A key feature of the Luxman PD-264 is the automatic end of disc arm lift function. When disc playback finishes, the tonearm automatically lifts and the platter comes to a stop. This function helps prevent unnecessary stylus wear. The strobe on this deck is provided by LEDs which enable a clearer strobe indication than is common at this price point.

Luxman PD-264 Specifications

Type: auto-lift up record player
Drive method: direct drive
Motor: DC servo brushless
Platter: 1.8kg, 300mm aluminium die-cast
Speeds: 33 and 45rpm
Signal to noise ratio: 60dB
Wow and flutter: 0.035% wrms
Tonearm: static balance type
Effective length: 240mm
Overhang: 15mm
Cartridge weight range: 4 to 11g
Dimensions: 438 x 125 x 365mm
Weight: 8kg

You can read a little more about the Luxman PD-264 here, at the Vinyl Engine.


This particular PD-264 had a problem with the mechanical tonearm lift actuator and switch. It was sticking and therefore not stopping the player at the end of a record. Having worked on many of these machines over the years, I’ve found that these mechanical switches can sometimes be sticky, causing arm lift operational problems.

There are a couple of reasons this might occur. Perhaps lubricant was used at some point, despite the service manual stating that the mechanism is oil-less. Maybe this happened for a certain batch of decks. Perhaps someone used mineral oil on this one back in the day, the volatile components of mineral-based lubricants evaporate over time, leaving a residue. Maybe someone spilled a beer on this old turntable, whatever the cause, the issue needs to be fixed.

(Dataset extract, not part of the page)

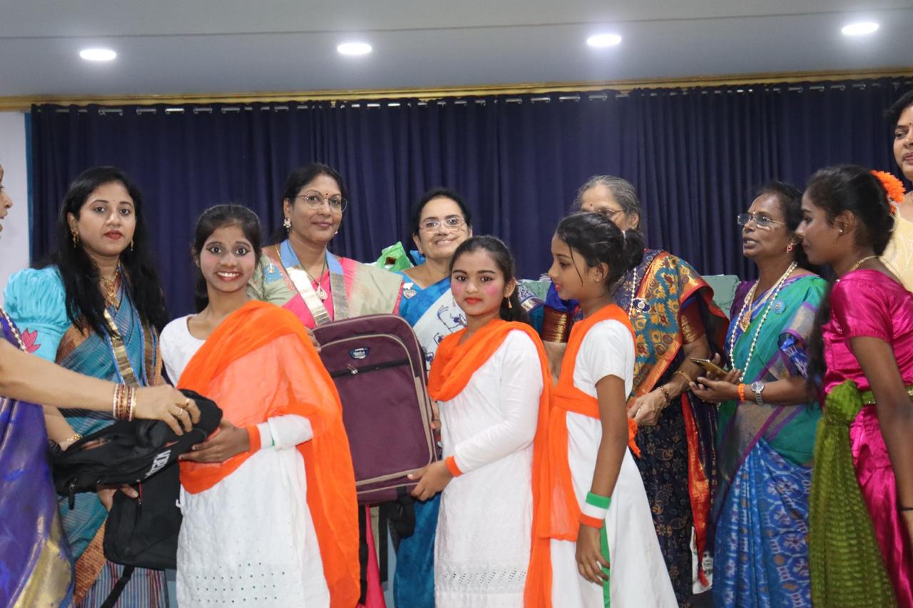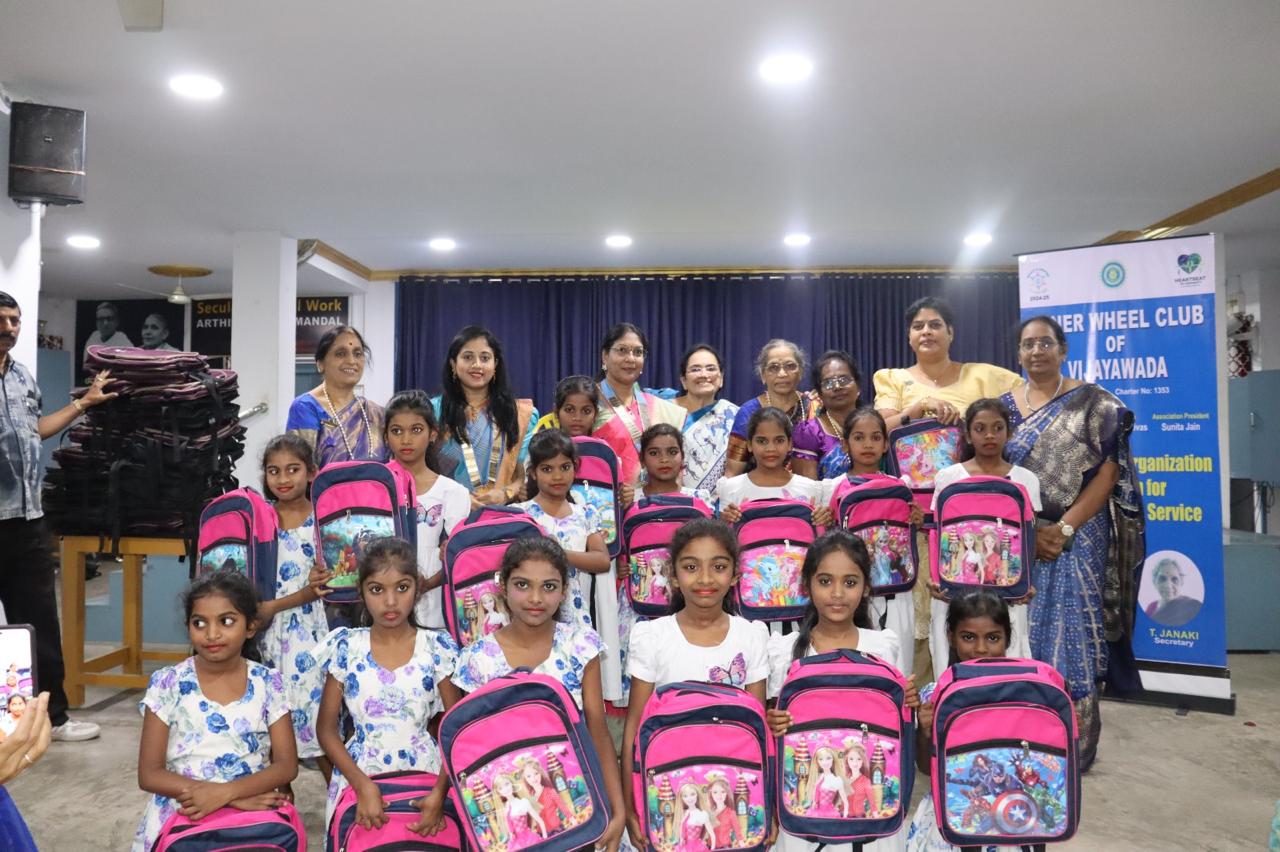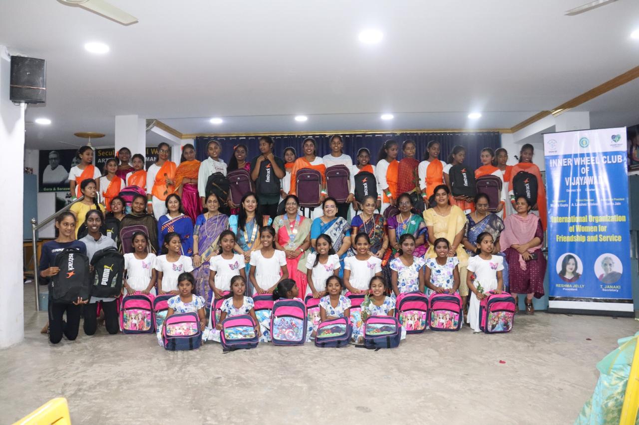 Inner Wheel Club of Vijayawada & Our District Chairman Lakshmi Srinivas distributed 100 bags,Books,Writing pads & Stationary kits to unprivileged girls.

When presented with a sticky arm lift actuator like this one, I use a solvent to remove any residue and then try to run the mechanism without oil as designed. Sometimes though, I find a drop of special thin synthetic oil can be helpful and that was the case with this machine.

I’ve had commenters mention that oil is not necessary and yes, in theory, that’s quite right. Having worked commercially on dozens of lovely Luxman PD-264 turntables and tonearms, I can tell you that the designers and technical writers at Luxman never considered how these decks might be running 40 years after their date of manufacture. They probably thought we’d all be living on Mars by now!

So, I’ve developed some special techniques and procedures to deal with this problem and many others in vintage hi-fi gear. I’ve also had to replace one or two switches in these PD-264s, due to unreliable operation. Other than that, this great little deck needed nothing more than a service, clean and for the cartridge and tonearm to be set up correctly.

Luxman PD-264
Chassis, with platter removed, showing strobe and speed controls to the lower left.
Luxman PD-264
Close-up of the knife-edge tonearm bearings and mechanically actuated stop switch, with wire actuator sticking out if you look carefully to the left.
Luxman PD-264
More detail on the tonearm. The wire arm-lift actuator is where I spent some time as it was sticking in this particular unit. Note, this mechanism is designed to run free of lubricant. In this case, I worked in some solvent initially, wicked away any residue and then used tiny amount of a special low-viscosity synthetic lubricant in the mechanism. I use this service procedure in cases where the actuator is sticky. I then slightly adjusted the wire actuator arm so that the arm lifted at the correct point on the record lead-out.
Luxman PD-264
Minimalist head-shell, with Ortofon OM series cartridge, fitted.
Luxman PD-264
LED strobe illumination and mirror
Luxman PD-264
Rotor, to the top, and stator, with windings
Luxman PD-264
The vinyl-covered chipboard chassis reveals the pricing of the deck, but this machine is nicely finished. Compared to cheaper Regas, Duals, etc, there is nothing to discuss, the PD-264 wins, period.
Luxman PD-264
Final alignment and she is good to go!
Luxman PD-264
Love the thick, heavy platter

48 thoughts on “Lovely Luxman PD-264 Turntable Service & Repair”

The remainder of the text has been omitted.